Transcribe, exactly and without pictures, the lines below from the line with "河岸にはマンションが建ち並ぶ" to the line with "USB Power Delivery", both ends included, and no others.
*** DATA FOR THIS TASK Section Begins ***
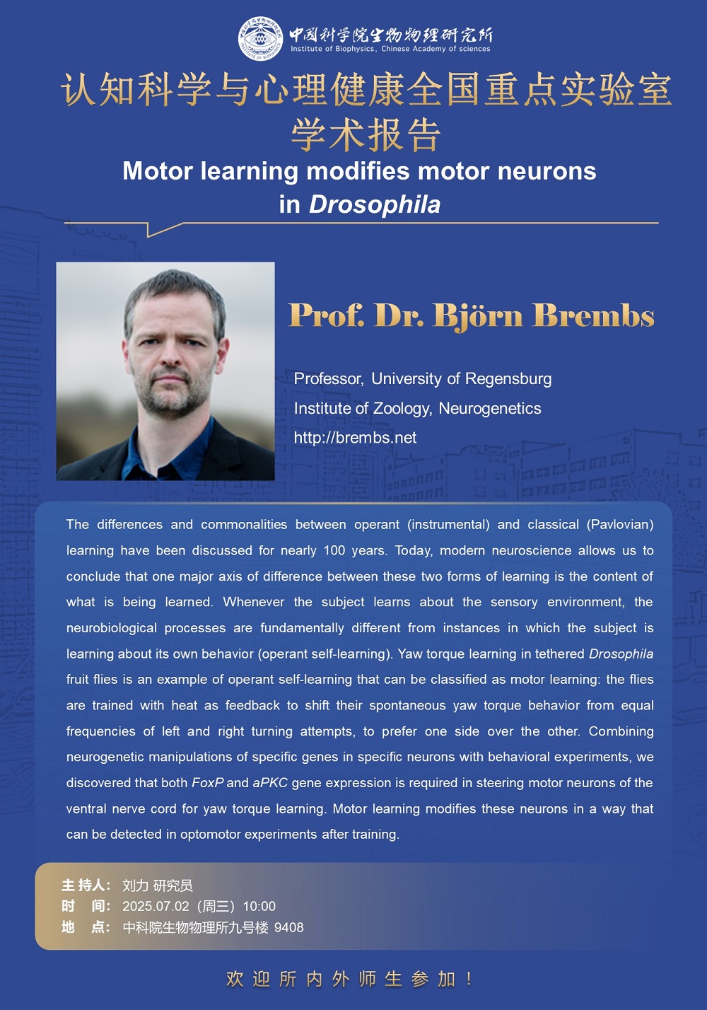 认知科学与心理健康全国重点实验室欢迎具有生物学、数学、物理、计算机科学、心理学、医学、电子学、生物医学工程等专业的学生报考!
*** DATA FOR THIS TASK Section Ends ***
*** DATA FOR THIS TASK Section Begins ***
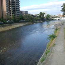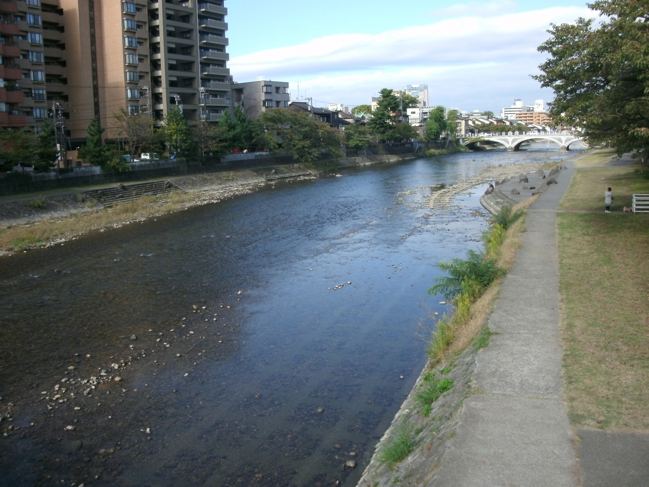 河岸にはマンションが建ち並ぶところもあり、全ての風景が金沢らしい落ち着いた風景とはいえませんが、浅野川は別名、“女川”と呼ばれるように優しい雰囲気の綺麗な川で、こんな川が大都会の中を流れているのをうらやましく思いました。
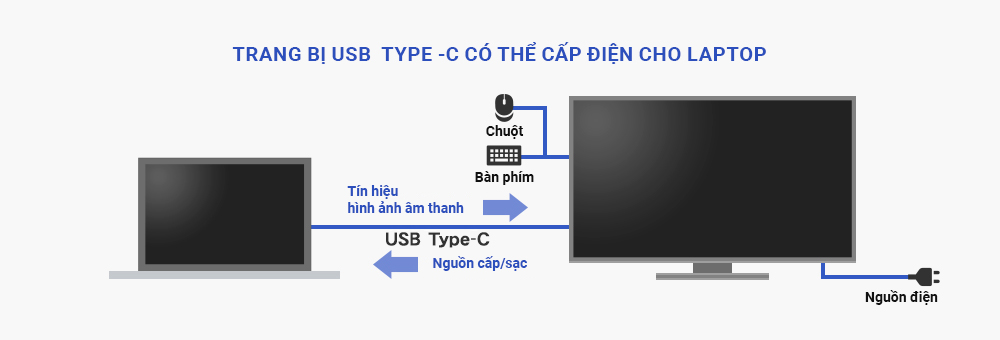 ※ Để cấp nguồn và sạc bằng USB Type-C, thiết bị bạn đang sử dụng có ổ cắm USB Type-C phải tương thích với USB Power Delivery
*** DATA FOR THIS TASK Section Ends ***
## SOLUTION FOR THIS EXERCISE:
 河岸にはマンションが建ち並ぶところもあり、全ての風景が金沢らしい落ち着いた風景とはいえませんが、浅野川は別名、“女川”と呼ばれるように優しい雰囲気の綺麗な川で、こんな川が大都会の中を流れているのをうらやましく思いました。
 ※ Để cấp nguồn và sạc bằng USB Type-C, thiết bị bạn đang sử dụng có ổ cắm USB Type-C phải tương thích với USB Power Delivery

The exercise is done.